About this exercise: Exactly as written, output each of the lines below, with no images.

Data below:
....

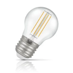 These clear warm white coloured decorative 4.5W LED golfball filament light bulbs from Crompton Lamps are designed to replace traditional 25W incandescent Harlequin golfball light bulbs. Of course, underneath each light bulb’s immaculately coloured envelope things are entirely different, with modern LED components replacing the tungsten filaments of old.
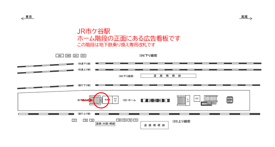市ヶ谷駅を経由駅として乗り換え利用される方、市ヶ谷駅から電車に乗車される方、を対象とした広告です。
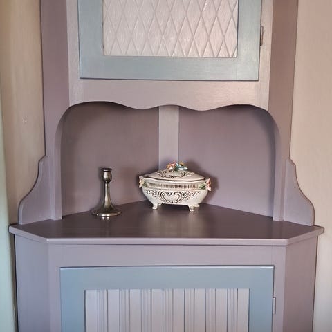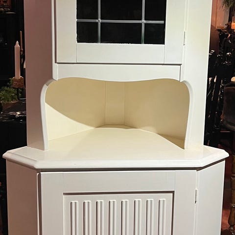 Hörnhylla i massiv furu. Hand gjord. Glas i lucka saknas. Ca 200 cm x 50 cm.

....

Reply to the task:
 These clear warm white coloured decorative 4.5W LED golfball filament light bulbs from Crompton Lamps are designed to replace traditional 25W incandescent Harlequin golfball light bulbs. Of course, underneath each light bulb’s immaculately coloured envelope things are entirely different, with modern LED components replacing the tungsten filaments of old.
市ヶ谷駅を経由駅として乗り換え利用される方、市ヶ谷駅から電車に乗車される方、を対象とした広告です。
 Hörnhylla i massiv furu. Hand gjord. Glas i lucka saknas. Ca 200 cm x 50 cm.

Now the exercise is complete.